There might be but I can't answer for sure since I have no idea what the witcher 3 engine is going to be like. Whether it uses deferred rendering or forward rendering, the precision of the render targets, the depth buffer precision, the size of the textures, the compression ratio of the textures, what the as will be like, etc., etc.

If it is a dx11 game I would imagine it will not use proper aa which pretty much makes the extra ram not necessary. Dx 11 and dx9 have been atrocious. Dx9 didn't support full precision depth buffers and it is very hard to force good AA in dx11 apps. That might be because the devs have to use a certain pipeline instead of using extensions.
 
Nope. Not even an issue at 4K yet. GPU's aren't powerful enough to take advantage of any game that will utilize that much ram at that resolution unless going multi-gpu at 4K. At 1600P and below between 2-3 gigs is all you'll need probably for a few more years.
 
Nope. Not even an issue at 4K yet. GPU's aren't powerful enough to take advantage of any game that will utilize that much ram at that resolution unless going multi-gpu at 4K. At 1600P and below between 2-3 gigs is all you'll need probably for a few more years.

Not the reason. The reason is that higher resolution textures with actually higher resolution design (the artist side of the equation) is the most expensive part of game design.
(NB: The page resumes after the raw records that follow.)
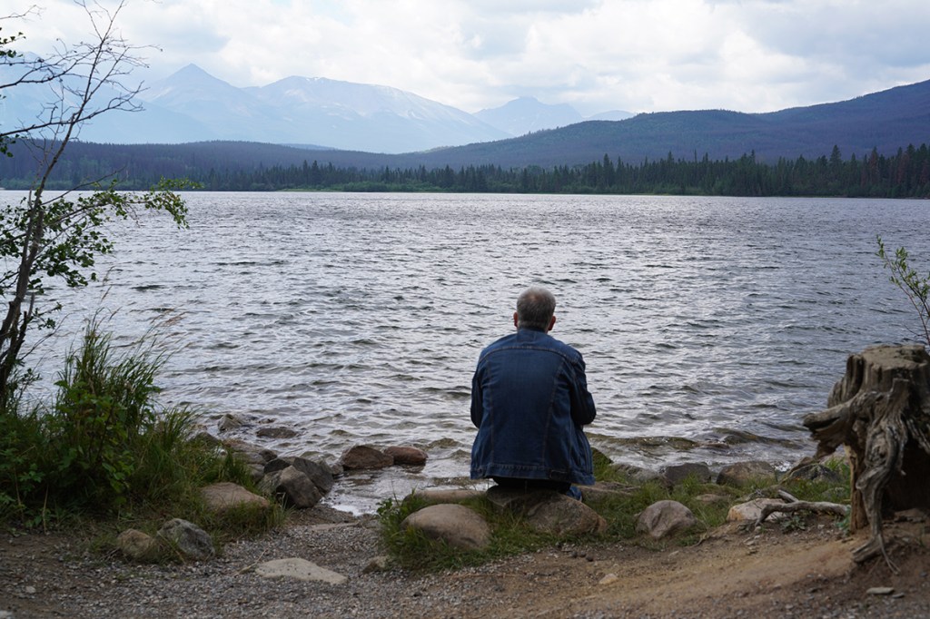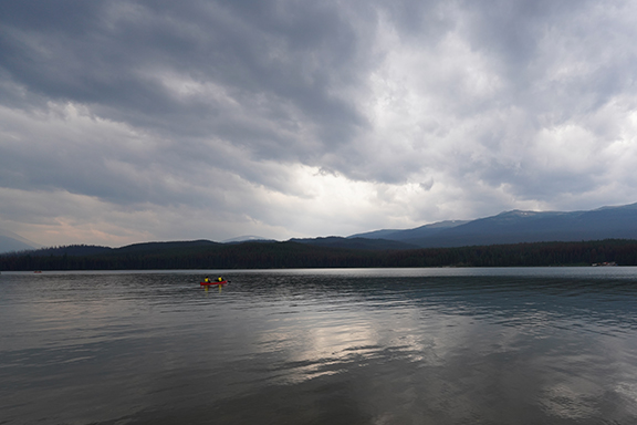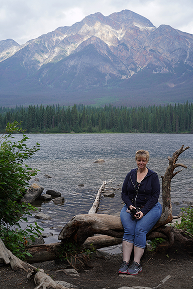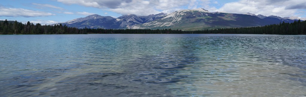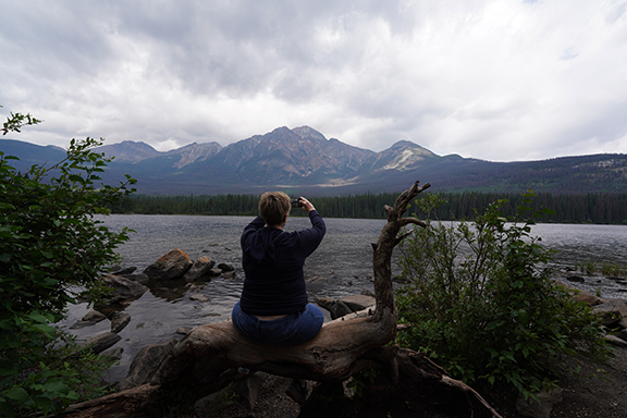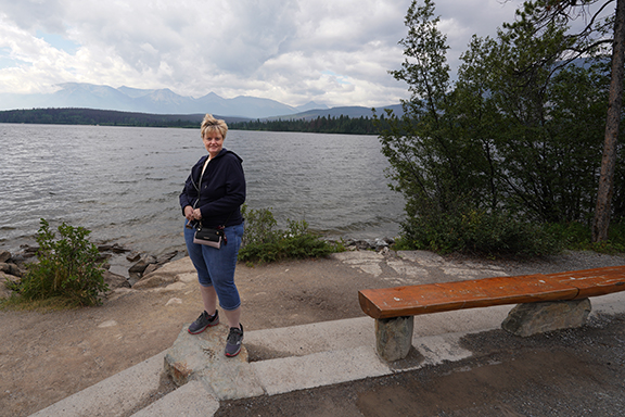 We went back towards the Jasper Park Lodge and decided that Edith Lake looked good so we found a picnic table there and had our left over pizza and the Greek salad Lynda had made. After our late lunch we walked down to the shore of Edith Lake and watched the world not go by.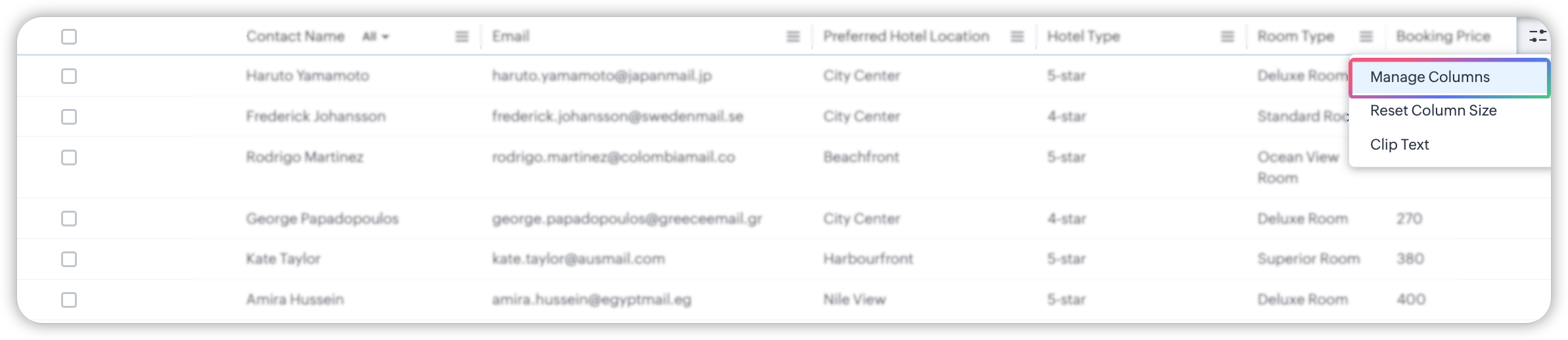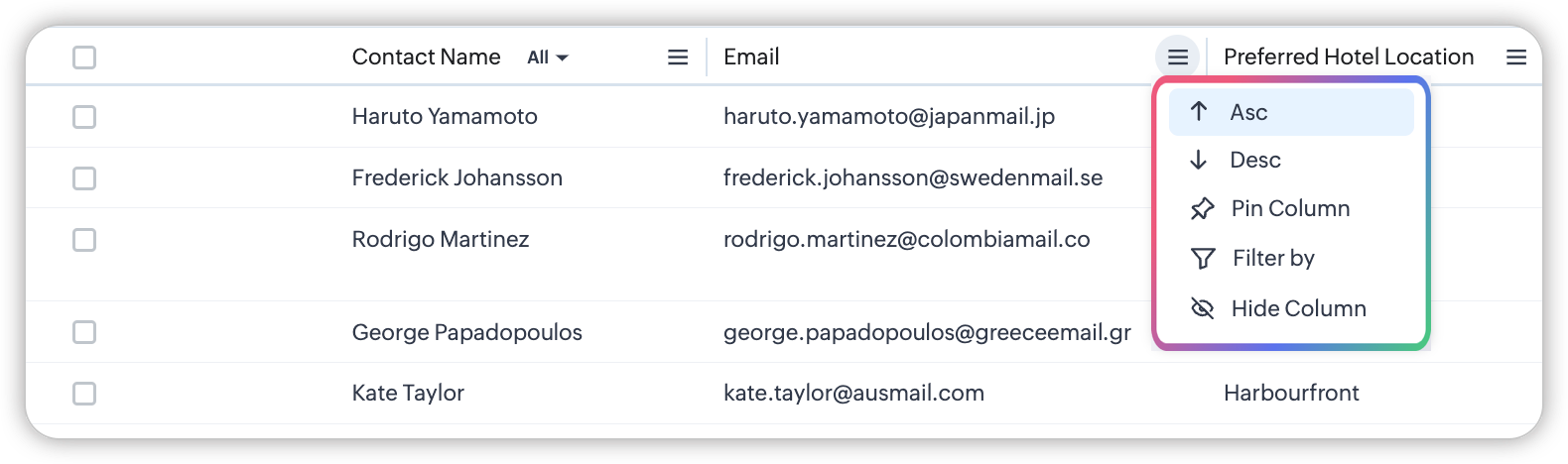 Fiecare coloană are un set de Opțiuni coloană lângă antetul coloanei. Să vedem pe scurt opțiunile: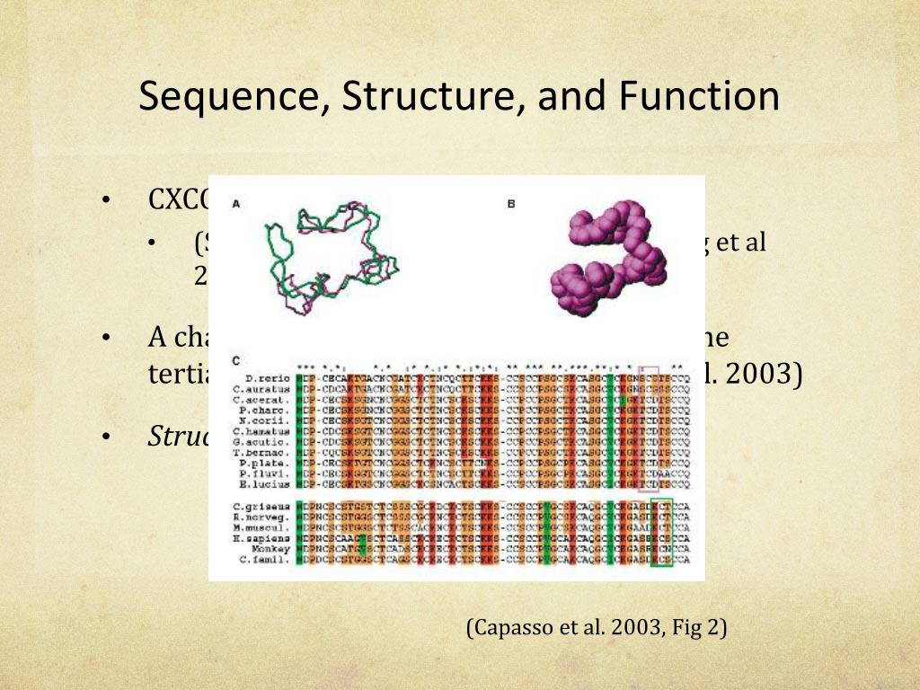 Sequence, Structure, and Function • CXCC (mammalian) CXXXCC (fish) • (Sucdiero et al. 2005) as cited in Kuo-Hsing et al 2010 • A change in primary structure influences the tertiary structure of proteins (Capasso et al. 2003) • Structure dictates Function (Capasso et al. 2003, Fig 2)

Pushing the pixels and pushing the texels and pushing the geometry is not very hard in comparison.

The proper way to author textures is to author the art at 2x the texture resolution (and have fine enough details to use that resolution to the fullest) and then downscale to texture resolution.

What we are getting in our console ports (90+% of PC sales by USD) is often either the original texture used for authoring the texture on consoles, or a resolution higher than the authoring resolution, and definitely higher than the fine detail resolution of the art.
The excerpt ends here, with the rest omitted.